Federalism works best if there are different resources that need to be (re-)distributed and a social, economic and political consensus exists that the system is operating relatively fair and transparent and for the benefit of the whole country. Right now, most resources are Kathmandu-based and there will be a long struggle about who gets how much out of the main cake. Compromises between geographical regions, ethnic groups or other factors are imperative and I don’t think most groups are prepared for this as they struggle to prove their legitimacy and claims to the federal budget. And amongst all these debates, some of which have been going on for all of the six years since the end of the conflict, China is pursuing its model of ‘development’ in a similar way as it does in Africa. The BBC article (New roads bring change and danger to Nepal)

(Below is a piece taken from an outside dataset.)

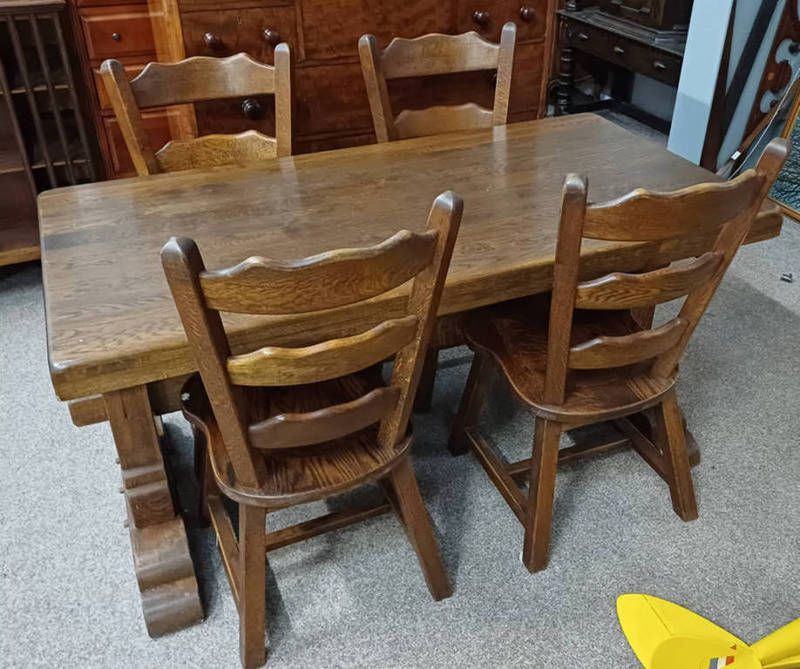 Oak refectory style table & set of 4 oak ladder back chairs. table 160 cm long
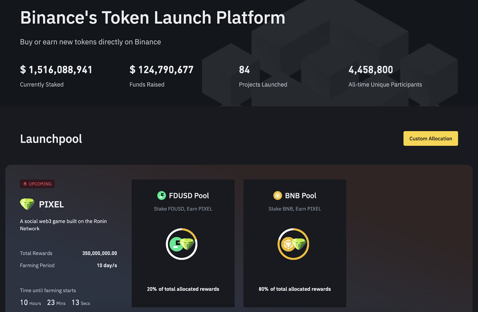 런치패드는 BNB를 청약하고 당첨 비율만큼 토큰을 교환하는 방식이고, 런치풀은 BNB 또는 FDUSD를 스테이킹하고 해당 비율만큼 신규 토큰 및 코인을 보상으로 받는 방식입니다.

is just one reminder that while the Kathmandu- and international donor elites are talking, China is doing-for better or for worse. China’s influence on rural Nepal will become bigger than many Western donor effort and it may catch some of the primarily Kathmandu-based talking circles by surprise during their federalism workshops, peacebuilding conferences and marketing assessments on how Nepal should have another ‘year of tourism’.

Finally, I read an interesting piece in Republica by Pradeep Raj Giri (I haven't found a link yet and has to rely on a scan of the article) and I was startled by the first sentence:
‘Our country is in a state where everybody is eager to see the direction it takes’.

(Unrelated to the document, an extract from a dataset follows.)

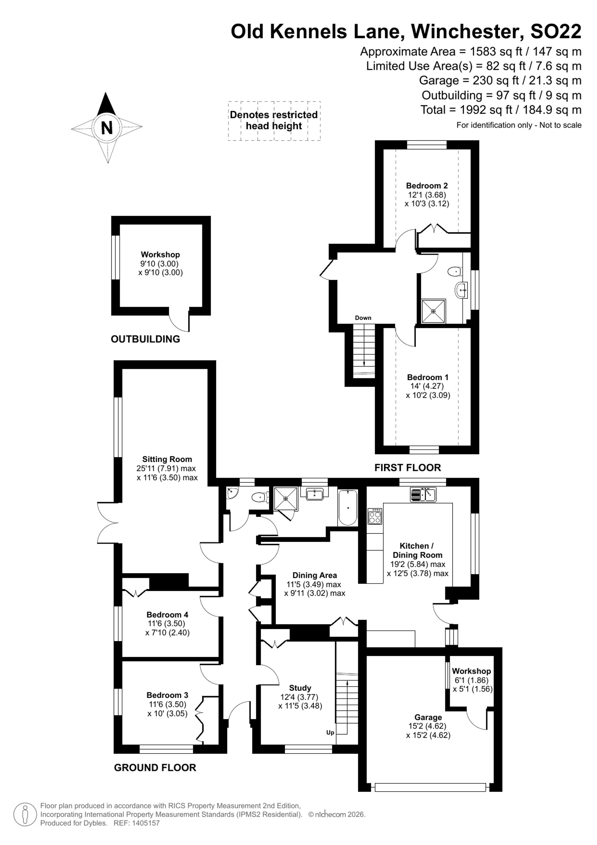 The ground floor provides the heart of the home, with a welcoming entrance hall leading through to a spacious kitchen/dining room, perfectly suited to modern family living and entertaining. A separate dining area and an additional sitting room offer flexible reception space, while a dedicated study makes an ideal home office. Two well-proportioned bedrooms are located on this level, served by contemporary bathroom facilities, making the layout ideal for multi-generational living or those seeking ground-floor accommodation, with the added benefit of accessible attic space providing useful storage potential.

Well, to be honest this sounds very 2006/7-ish to me. In many ways, Nepal has been taken a direction already by deciding to ‘wait’ for a better future.
What those three stories indicate to me is that while there is a lot of soul searching going on about the ‘future direction’ of Nepal, the future is actually happening right now. It will be difficult for Nepal to carve out a place between Chinese, Indian and Western models of ‘development’ which are not that different in their foundations of economic growth, resource use and more consumption – all of which is happening in Nepal while some members of the elite cling to their power dreaming about a Himalayan Switzerland that is unlikely to happen.

One of my favourite blogs from Nepal by Chandan Sapkota just featured a piece on the changing imports and export and his observations are not very encouraging:
Sophistication of Nepali export basket is very low, Competitiveness of Nepali export items is going down [and] Due to huge remittance inflows, Nepalis are consuming at an alarming rate.
I know that Nepal has a great capacity of ‘muddling through’ and this seems the likeliest path for the country rather than any overly optimistic or pessimistic extremes. Maybe analysts need to read more Lindblom than Weber or Marx...

Update 11 June: I cross-posted my post on the Peace & Collaborative Development Network's site and it has generated some really interesting and critical comments.